Thursday, June 17, 2010
There was no liquor in the chocolate liquor!
New England Fine Living.com
One of the reasons I started New England Fine Living was to share my experiences with you, especially when I learn something wonderful and new. I am going out of my comfort zone, sometimes getting embarrassed so that you can learn through my faux pas. Here is the latest example of one of those "situations". Oh and trust me, they happen almost daily.
Yesterday I took a press tour of the Lindt Chocolate Factory for the grand opening of their chocolate liquor facility. You see the word liquor right??? (I will post that information soon).
Silly me…. I actually thought there was going to be liquor in the chocolate and bragged to my friends that I was going to try a delicious spirit infused chocolate after I read the press release.
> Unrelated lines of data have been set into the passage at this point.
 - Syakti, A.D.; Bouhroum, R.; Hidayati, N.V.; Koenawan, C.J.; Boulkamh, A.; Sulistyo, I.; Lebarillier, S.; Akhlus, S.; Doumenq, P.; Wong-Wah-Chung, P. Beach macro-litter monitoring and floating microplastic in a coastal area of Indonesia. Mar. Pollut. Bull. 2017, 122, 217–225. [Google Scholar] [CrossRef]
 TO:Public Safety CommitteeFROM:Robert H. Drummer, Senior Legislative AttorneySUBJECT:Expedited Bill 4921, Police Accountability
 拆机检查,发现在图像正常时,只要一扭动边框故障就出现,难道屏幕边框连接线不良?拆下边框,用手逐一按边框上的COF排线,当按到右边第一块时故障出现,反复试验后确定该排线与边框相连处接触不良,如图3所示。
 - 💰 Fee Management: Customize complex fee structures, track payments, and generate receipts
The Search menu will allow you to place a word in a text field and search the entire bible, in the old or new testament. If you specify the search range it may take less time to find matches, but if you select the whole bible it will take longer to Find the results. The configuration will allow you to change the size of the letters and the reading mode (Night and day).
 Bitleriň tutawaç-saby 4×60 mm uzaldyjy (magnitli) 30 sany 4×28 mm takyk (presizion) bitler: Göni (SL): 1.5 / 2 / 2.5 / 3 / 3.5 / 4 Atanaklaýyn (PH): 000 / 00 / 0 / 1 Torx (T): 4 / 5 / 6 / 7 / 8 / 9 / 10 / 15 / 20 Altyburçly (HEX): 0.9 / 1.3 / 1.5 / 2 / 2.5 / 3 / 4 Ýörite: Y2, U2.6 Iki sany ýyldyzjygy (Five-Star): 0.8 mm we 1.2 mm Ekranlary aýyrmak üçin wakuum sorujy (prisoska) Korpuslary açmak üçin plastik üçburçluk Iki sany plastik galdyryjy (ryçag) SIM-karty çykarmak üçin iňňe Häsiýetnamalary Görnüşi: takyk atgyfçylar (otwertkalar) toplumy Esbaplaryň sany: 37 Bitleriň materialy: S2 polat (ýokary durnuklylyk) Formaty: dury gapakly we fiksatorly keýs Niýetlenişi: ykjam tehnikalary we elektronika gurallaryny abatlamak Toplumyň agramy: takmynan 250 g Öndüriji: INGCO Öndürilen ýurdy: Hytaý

Nope! Liquor is just the name of the chocolate once it is turned into a pure liquid form. Duhhhhh! And I was so glad to hear others say the same thing during some chatting with others.
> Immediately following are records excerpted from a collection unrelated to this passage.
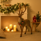 Renna in piedi , in resina con ghirlanda di frutta per decorazioni natalizie
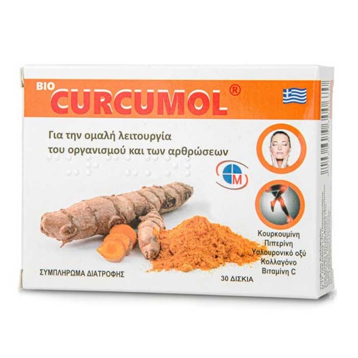 Συμπλήρωμα διατροφής Medichrom Bio Curcumol 30 ταμπλέτες με κουρκουμά, που συμβάλλει στην ομαλή λειτουργία του οργανισμού & των αρθρώσεων. Οφέλη Medichrom Bio Curcumol Η κουρκουμίνη με αντιοξειδωτ
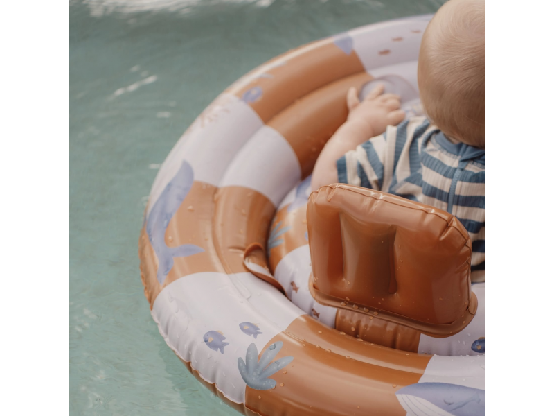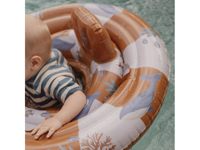 Nafukovací kruh do vody pro miminka s krásným potiskem motivů ze života pod mořskou hladinou je navržen tak, aby vašemu dítěti umožnil bezpečné první seznamování s vodou.
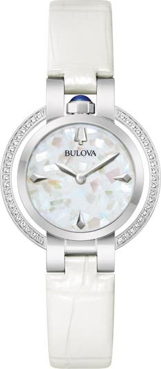 BULOVA Rubaiyat Sapphire Leather Strap Watch, 30mm, Alternate, color, Silver-Tone
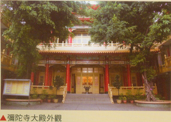 重建后之弥陀寺,全部采仿唐朝宫殿式之建筑。山门宏伟壮观,左右各有一尊护法菩萨,身著武官服饰,扬眉媢目,威严赫立,由山门进入中庭,种植榕树,两边有二丛菩提树及奇花异草,眼光乃为之一亮。左右是三层钟鼓楼形(而不悬钟鼓,钟鼓乃悬于殿内)。东厢楼下为民众阅览室,西厢楼下设置“服务处”,供信众请教佛法及登记助印经书佛像,赈灾济贫、自强朝圣等一切活动咨询处。

This is the definition from Wikipedia: Chocolate liquor (cocoa liquor) is pure chocolate in its liquid form. Like the cocoa beans (nibs) from which it is produced, it contains both cocoa solids and cocoa butter in roughly equal proportion.
It is produced from cocoa beans that have been fermented, dried, roasted, and separated from their shells. The beans are ground into cocoa mass (cocoa paste). The mass is melted to the liquor, and the liquor is cooled and molded into blocks (Lindt makes theirs shaped like hearts) known as unsweetened baking chocolate (bitter chocolate). I got to see this process and it was amazing.
Chocolate liquor contains roughly 53 percent cocoa butter (fat), about 17 percent carbohydrates, 11 percent protein, 6 percent tannins, and 1.5 percent theobromine
I wish I knew who took the photo or for what event it was used for, but can you imagine wearing that in a fashion show! How cool!